What is Data Visualization or how to interpret major amounts of data?

Data Visualization allows data analysts to gain insight from their Big Data much more quickly. It is also primarily used as an ideal communication tool between analysts and the company management.

When Big Data are compressed, a new Data Visualization challenge is generated due to the amount and diversity of the variables and data handled. Analyzing information through images is simpler, so:

Managers and Data Scientists using Data Visualization to present their data are 28% more likely than those using traditional dashboards to find data relevant for their analysis and predict trends in their business. This

  1. Improves decision-making
  2. Reduces time spent on analysis
  3. Facilitates trend prediction

Data Visualization Principles

Data Visualization is the most optimal way to expose the myriad of data within the reach of companies in the digital era, that is, Big Data. Thanks to this visual display of hundreds of variables and crosses* that a database can include, data analysts have a tool that can allow them to extract and present business insights much more quickly and reliably.

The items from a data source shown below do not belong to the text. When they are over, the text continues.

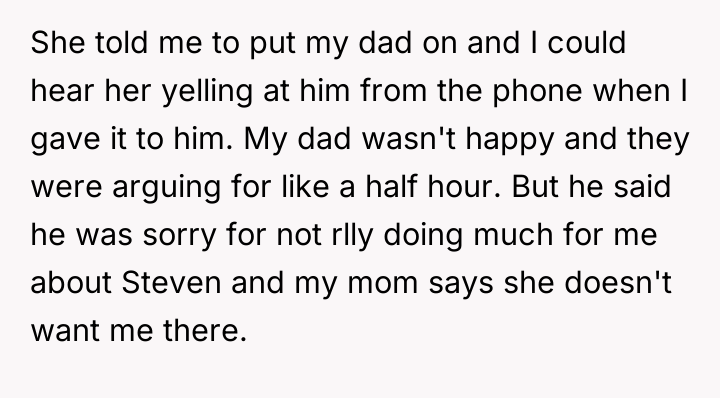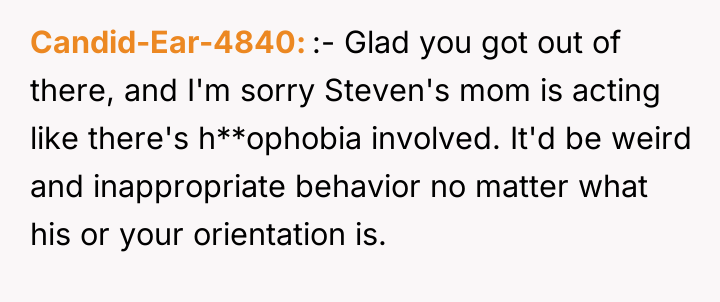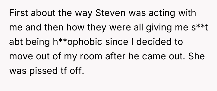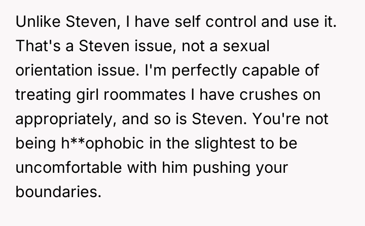 As renowned researcher Dr. Brené Brown explains, “Boundaries are the distance at which I can love you and me simultaneously.” In this situation, the OP established a necessary, albeit drastic, boundary when they felt unsafe or deeply uncomfortable sharing their living space following Steven’s disclosure. The family's reaction, particularly the accusation of homophobia and the failure to immediately address the OP’s distress, indicates a breakdown in validating each other's emotional reality. The OP was forced to prioritize their mental space over maintaining the immediate peace of the household. The father’s initial inaction and subsequent anger when the OP decided to stay with the mother suggest a dynamic where compliance was valued over addressing the core issue causing the distress. The mother, conversely, provided immediate physical support and a safe, private environment, reinforcing the OP's right to self-preservation. This divergence highlights differing approaches to conflict resolution and support within the parental unit. The OP’s decision to leave was an appropriate, albeit emotionally taxing, measure to protect their well-being when direct communication channels failed to yield respect for their needs. Moving forward, the OP should focus on clear, non-accusatory communication about future needs, emphasizing 'I feel' statements, rather than reacting to accusations like being called homophobic. The family needs to learn that boundaries are not rejections, but tools for sustainable relationships.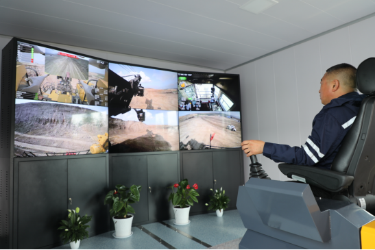 公司为霍林河南露天煤矿提供的WK-12C电铲,配备了远程操控智慧化解决方案。通过对现场画面、声音、振动等环境感知和模拟,用户可以在距离现场10km之外的远程操作室,对电铲进行操作控制,全链路延时控制在250ms以内。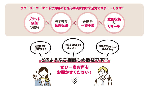 クローズドマーケットが貴社のお悩み解決に向けて全力でサポートします!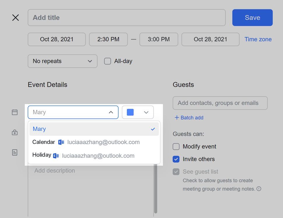 Perform a one way sync from Outlook to Feishu Calendar
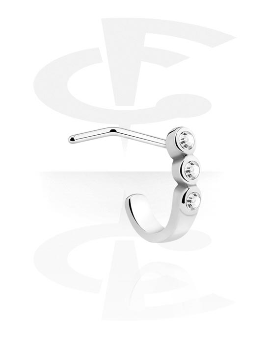 L-formet næsestud (kirurgisk stål, sølv, blank finish) med krystaller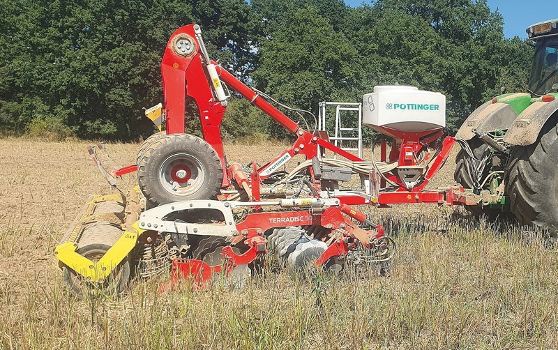 Diskový podmítač TERRADISC 5001 T kombinují podle potřeby se secím strojem TEGOSEM 500 a využívají ho na přísevy tzv. zeleného úhoru.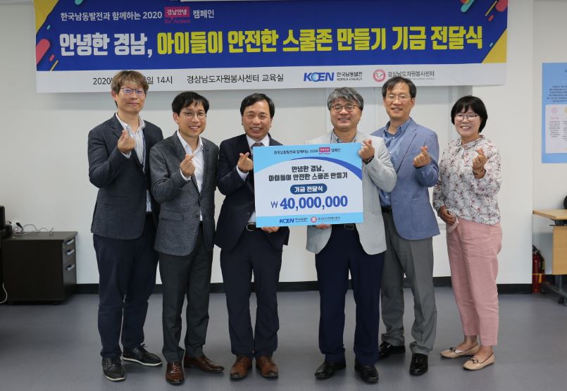 KOEN 한국남동발전(사장 유향열)은 지난 10일 경남지역 초등학생들의 안전한 보행 환경 조성과 어린이 횡단보도 사고를 줄이기 위해 경상남도 자원봉사센터에 후원금 4000만원을 전달했다.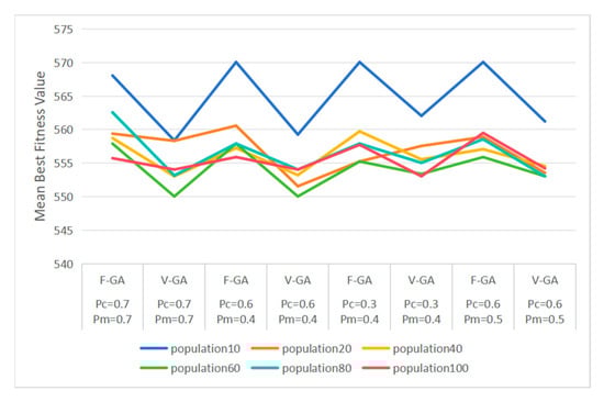 The above analysis found that the V-GA algorithm achieves the smallest mean best fitness value with two parameter combinations, crossover probability Pc = 0.7 and mutation probability Pm = 0.7, as well as Pc = 0.6 and Pm = 0.4. For the F-GA algorithm, the smallest mean best fitness value is achieved when the crossover probability Pc = 0.3 and the mutation probability Pm = 0.4. Another parameter combination closest to this value is Pc = 0.6 and Pm = 0.5. Under these parameter combinations, the impact of different population sizes on the algorithm is analyzed. Detailed data are shown in Table 6.

Principles for properly displaying information:

  1. Simplification: present the right amount of variables.
  2. Comparison: facilitate understanding and prevent mistakes from memory. It is important to be able to visualize all of the data in a single image.
  3. Know where and how to show the desired information to draw attention.
  4. Diversification: different representations of the same data may lead to new conclusions.
  5. Look for the reason why: Data Visualization’s goal is not to ascertain what is happening but rather to provide an easily interpretable way to display the myriad of data that a company has.

Data Visualization Techniques

Generating a graph from an excel table or even from SQL like those that have been used over the last few years is relatively simple. The variables barely exceeded 100 columns and not all were related to each other. However, as variables are added and interrelated, things get more complicated. Much more complicated.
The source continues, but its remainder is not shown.